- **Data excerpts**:
[Start of Attachment]
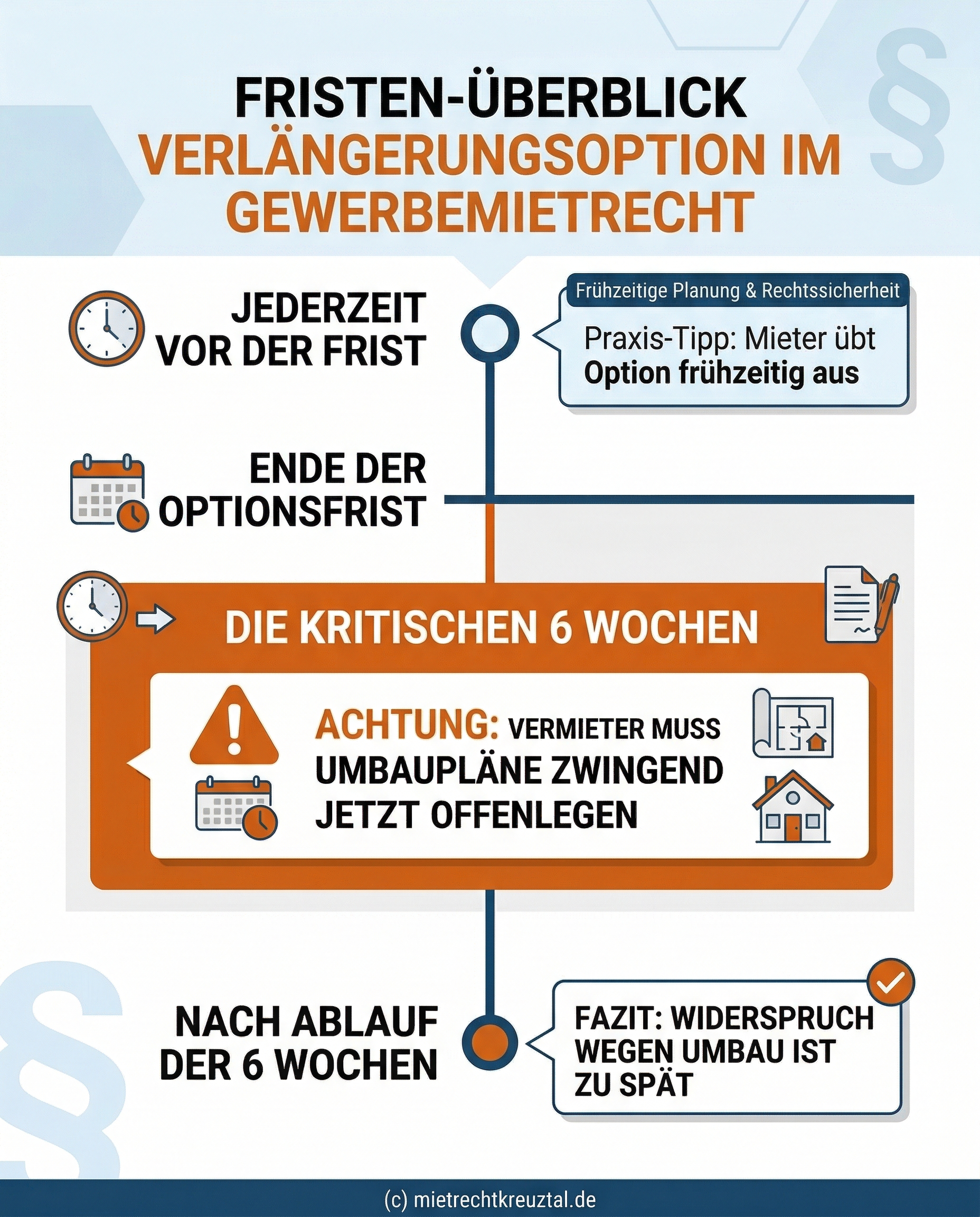 Der entscheidende Hebel dieses Urteils war die verspätete Reaktion des Vermieters. Falls Ihr Vertrag die Option bei Umbauplänen einschränkt, muss der Vermieter diese Pläne typischerweise innerhalb von etwa sechs Wochen nach Ablauf Ihrer Optionsfrist offenlegen. Prüfen Sie bei einem Widerspruch genau das Datum: Erfolgt die Mitteilung der Umbauabsicht erst viele Monate nach Fristablauf, ist sie rechtlich meist wirkungslos.
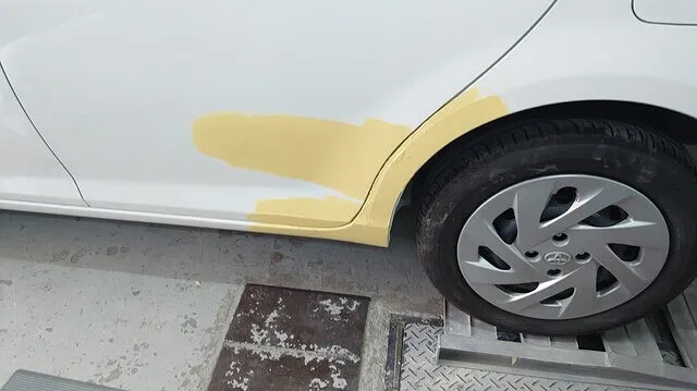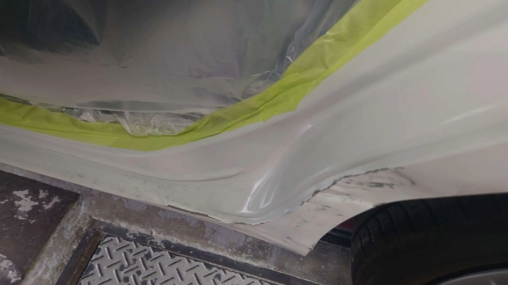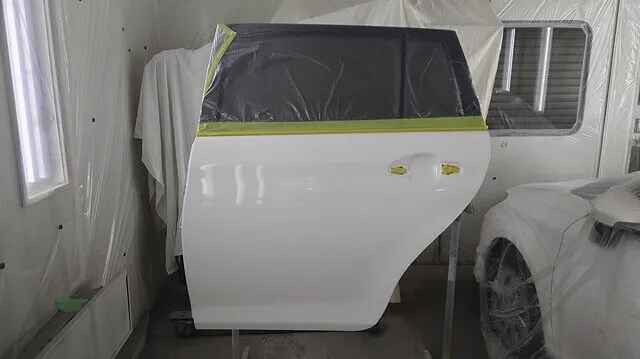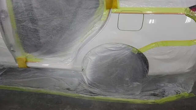 塗装ブースにてマスキング作業を行い塗装します。今回費用を抑える為ドアのモールのマスキング処理(外すと再使用が不可な為)とプレスラインでの塗装の区切りを行い塗装範囲を小さく抑えました。通常ですと部品はすべて外し塗装も区切りの所まで塗装する作業となります。このお車は淡色の白色ですがクリヤーコートされているお車ですのでもちろん同様にクリヤーコートして仕上げます。
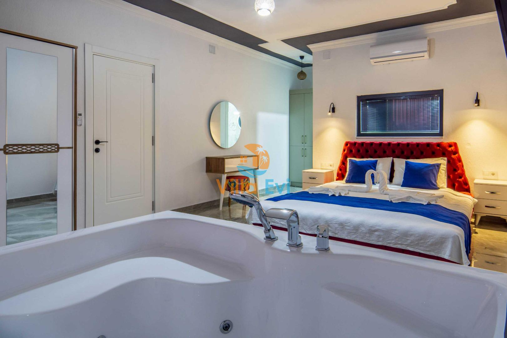 Büyüleyici deniz manzaralı konumu ve Kalkan merkeze yakınlığı sayesinde kolay ulaşım imkanı sunan bu Kalkan kiralık villa, şehir hayatının stresinden uzaklaşmak ve doğanın kucağında huzur bulmak isteyenler için ideal bir tercihtir. Konforlu ve şık iç mekân tasarımı, ferah ve kullanışlı dış alanıyla misafirlerine unutulmaz bir konaklama deneyimi yaşatırken, Kalkan'ın eşsiz güzellikleriyle çevrili doğal ortamıyla da huzurlu bir Kalkan villa kiralama tatili vaat ediyor.
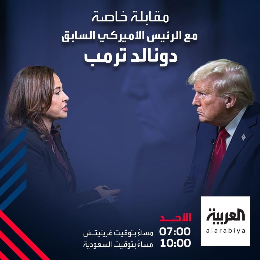 تذيع قناة العربية مساء اليوم السبت، مقابلة خاصة مع الرئيس الأمريكي السابق والمرشح الجمهوري الحالي دونالد ترامب، معلنة أنها ستبث المقابلة مع ترامب، في الساعة 10 من مساء يوم الأحد.
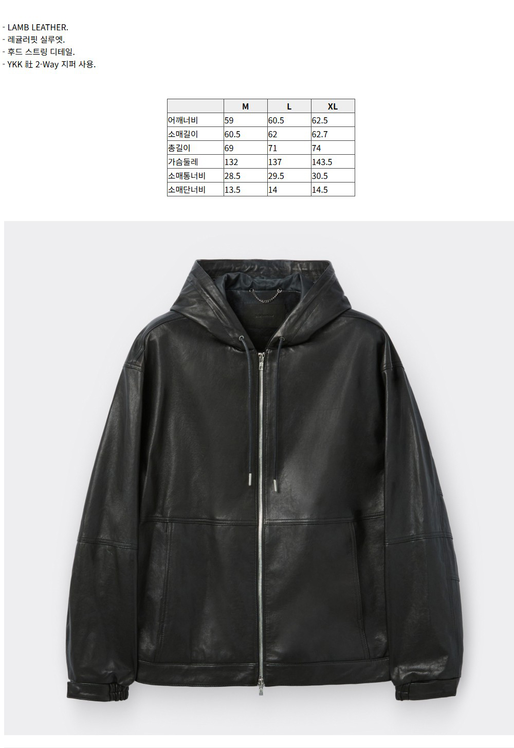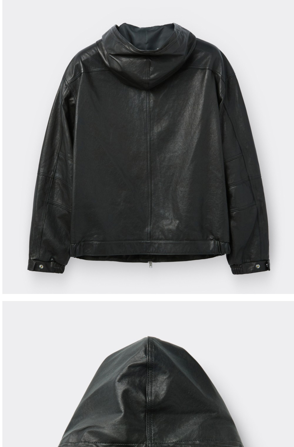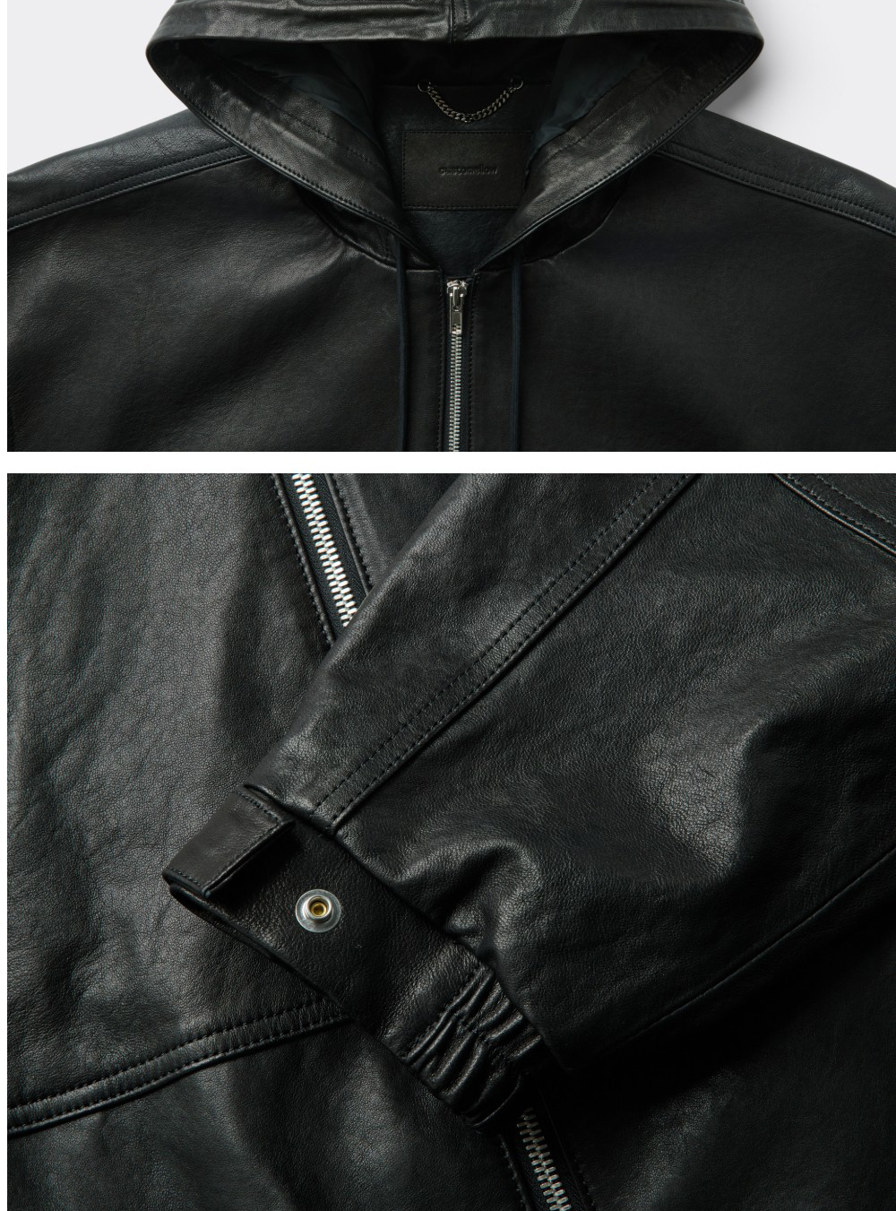 커스텀멜로우 가죽 후드 집업 재킷 블랙
[End of Attachment]
- **How to complete this task**:
Retype every record as it stands. None of the pictures should appear.

- **Exercise response**:
 Der entscheidende Hebel dieses Urteils war die verspätete Reaktion des Vermieters. Falls Ihr Vertrag die Option bei Umbauplänen einschränkt, muss der Vermieter diese Pläne typischerweise innerhalb von etwa sechs Wochen nach Ablauf Ihrer Optionsfrist offenlegen. Prüfen Sie bei einem Widerspruch genau das Datum: Erfolgt die Mitteilung der Umbauabsicht erst viele Monate nach Fristablauf, ist sie rechtlich meist wirkungslos.
 塗装ブースにてマスキング作業を行い塗装します。今回費用を抑える為ドアのモールのマスキング処理(外すと再使用が不可な為)とプレスラインでの塗装の区切りを行い塗装範囲を小さく抑えました。通常ですと部品はすべて外し塗装も区切りの所まで塗装する作業となります。このお車は淡色の白色ですがクリヤーコートされているお車ですのでもちろん同様にクリヤーコートして仕上げます。
 Büyüleyici deniz manzaralı konumu ve Kalkan merkeze yakınlığı sayesinde kolay ulaşım imkanı sunan bu Kalkan kiralık villa, şehir hayatının stresinden uzaklaşmak ve doğanın kucağında huzur bulmak isteyenler için ideal bir tercihtir. Konforlu ve şık iç mekân tasarımı, ferah ve kullanışlı dış alanıyla misafirlerine unutulmaz bir konaklama deneyimi yaşatırken, Kalkan'ın eşsiz güzellikleriyle çevrili doğal ortamıyla da huzurlu bir Kalkan villa kiralama tatili vaat ediyor.
 تذيع قناة العربية مساء اليوم السبت، مقابلة خاصة مع الرئيس الأمريكي السابق والمرشح الجمهوري الحالي دونالد ترامب، معلنة أنها ستبث المقابلة مع ترامب، في الساعة 10 من مساء يوم الأحد.
 커스텀멜로우 가죽 후드 집업 재킷 블랙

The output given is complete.